My Fishing Companion (or Competitor?)

My Fishing Companion (or Competitor?)

Thanks for reading.

Extreme Contrasts in the Artful Life

January 18, 2014
Bringing in a Large Rainbow Trout

Bringing in a Large Rainbow Trout

Then in the Arctic half-light of the canyon, all existence fades to a being with my soul and memories and the sounds of the Big Blackfoot River and a four-count rhythm and the hope that a fish will rise.
Eventually, all things merge into one, and a river runs through it. The river was cut by the world’s great flood and runs over rocks from the basement of time. On some of those rocks are timeless raindrops. Under the rocks are the words, and some of the words are theirs. 

Norman Maclean, A River Runs Through It

A Quick Photo Before Releasing Him

A Quick Photo Before Releasing Him

The contrast of the past twenty-four hours could hardly be sharper.  Last night found me in the Jazz-infused din of the Dallas Museum of Art, dressed in evening attire and enjoying the strolling crowds.  Today found me three-and-a-half hours away in an Oklahoma trout stream, wearing (more comfortable) fly-fishing regalia, and standing beneath the shadow of a massive rock, looking into the recesses of dark waters and rising trout.  With this being a three-day weekend, I decided I needed a little time away.

Though the thermometer registered 61 degrees, the stream lay in the shadows of a deep gorge, and freezing winds shrieked down the corridor.  It didn’t take long to hook a small 8″ rainbow trout, and it was exciting to see him shatter the surface of the stream to take down a dry fly.  As my hands got colder, and I wondered about the wisdom of standing in such a frigid environ, my dry fly suddenly disappeared, and when I hauled back, I thought the rod was going to be torn from my hands.  The ensuing sound of the rolling surface was not the splish-splash of a small, feisty trout, but the fat body of large rainbow rolling the surface.  I heard gasps up and down the river, and was shocked to realize that surrounding fly fisherman “heard” that as well, and all stopped fishing to watch.

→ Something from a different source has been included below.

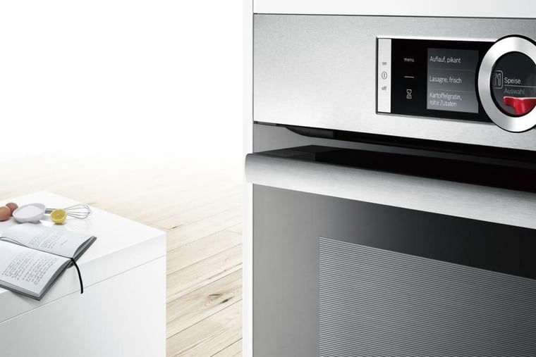 Bosch macht seine Backöfen intelligent: Die Serie 8 verfügt über einen Backsensor, ein integriertes Bratenthermometer und eine neue 4D-Heißluft. Damit sollen die Ergebnisse der im Ofen zubereiteten Lebensmittel noch besser werden. Die Steuerung des Ofens erfolgt über einen multifunktionalen Drehknopf. Ein Modell der Backofenreihe ist außerdem netzwerkfähig und kann über Wlan per App von Smartphone oder Tablet aus steuern.

What followed was an aerial show as this huge creature did everything he knew to throw the barbless hook, and frankly, I still don’t know how I managed to hold him.  By the time he was in the net, I was shocked to see that the hook was straightened out to the shape of an “L”.  He was magnificent to hold as I rocked him in the stream after the photo, slowly feeling his strength return, and watching him swim out of my hands and back into the current and away.

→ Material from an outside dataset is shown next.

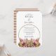 This design features a rustic wild flower bouquet. A simple gold circle frame encircles the text while the bride's and groom's names are positioned on top. The rustic pink floral colour tones compliment the greenery of the leaves. The gold tones tie everything together to create a rustic country woodland garden feel. Golden and pink stripes cover the back of the design. Elegant wedding invitation design with modern elements. Matching wedding stationery items and other wedding invite formats are also available.
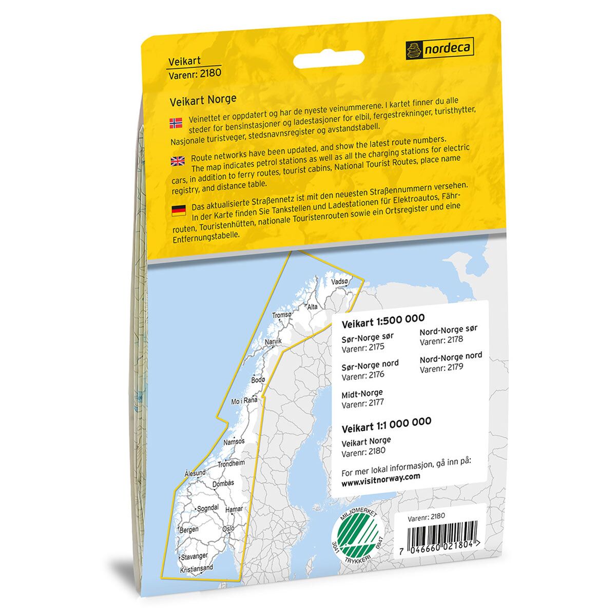 I kartet finner du bensinstasjoner og hurtigladestasjoner for elbil, fergestrekninger, turisthytter, stedsnavnsregister, større naturattraksjoner og turistmål samt avstandstabell.

Rocking Him Back to Full Strength

Rocking Him Back to Full Strength

By that time, my hands were freezing from keeping them in the water so long.  I could not see the day getting any better than that.  So I left in search of a warm place to land once again.

Thanks for reading.

Out of the Cloister and into the Stream of Humanity

January 18, 2014
Sketches in the DMA Gallery during a Poetry Reading

Sketches in the DMA Gallery during a Poetry Reading

Beauty suspends the desire to be elsewhere.

Ken Wilbur

I could not have asked for a more beautiful, satisfying Friday.  Somehow, I was awake by 5:15 a.m., and ready to scamper to school for a day of art history.  All of my classes spent the entire period examining the life and art of Robert Motherwell and the Greenwich Village culture in which he thrived.  I had an amazing lunch hour, spent in the company of this amazing nucleus of students whose lives overflow with the arts.  I always miss them before the door closes behind the last one.  This evening, I met with a gathering of artists and community art lovers to discuss ways to develop a cultural district in our town.  I felt for the first time in my life like I was connected to others much in the same way the Eighth Street Club launched the Abstract Expressionist painters in Greenwich Village.  Granted I spend most of my after-work hours in solitude, today was a good day to be surrounded by people.

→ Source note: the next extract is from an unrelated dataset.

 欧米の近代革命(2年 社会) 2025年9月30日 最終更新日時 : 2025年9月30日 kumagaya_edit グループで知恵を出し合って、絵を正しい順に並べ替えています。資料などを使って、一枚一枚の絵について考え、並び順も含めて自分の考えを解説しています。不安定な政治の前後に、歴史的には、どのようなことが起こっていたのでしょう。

Following this evening’s community meeting, I decided to return to the Dallas Museum of Art for the second night in a row.  Tonight was the monthly “Late Nights”–the museum stays open till midnight, featuring festivities of live music in the cafe, lectures in the auditorium, and poetry readings in the gallery where the Hopper Drawing exhibit is hung.  I spent the entire night perusing every gallery throughout the museum, the same as I did last night.   All of it was beautiful.  And the crowds were enormous, like a weekend shopping mall–only this was a multitude of art lovers.  And a sweet multitude it was.

In the gallery, actor Lydia Mackay was reading poetry inspired by Hopper’s work, including Joyce Carol Oates’ “Edward Hopper’s Nighthawks, 1942.”  As her lovely voice filled the chamber, and museum visitors milled about, listening, I took a seat in the back corner and sketched the environment until the reading was over.  Figure drawing is my Achilles’ heel–I haven’t devoted Malcolm Gladwell’s “10,000 hours” to the discipline, so I struggle still.  But boy, did I enjoy the process.  I enjoyed looking at every person drifting through the chamber and did all I could to capture gestures, postures, figure lines.  And I felt complete.

I’m glad I chose to stay up late, despite the early, early beginning to this day.  At least tomorrow (oops! today!) is Saturday, and there will be no alarm clocks driving me from my bed.

Thanks for reading.  I’m still vibrating from this delicious day and night.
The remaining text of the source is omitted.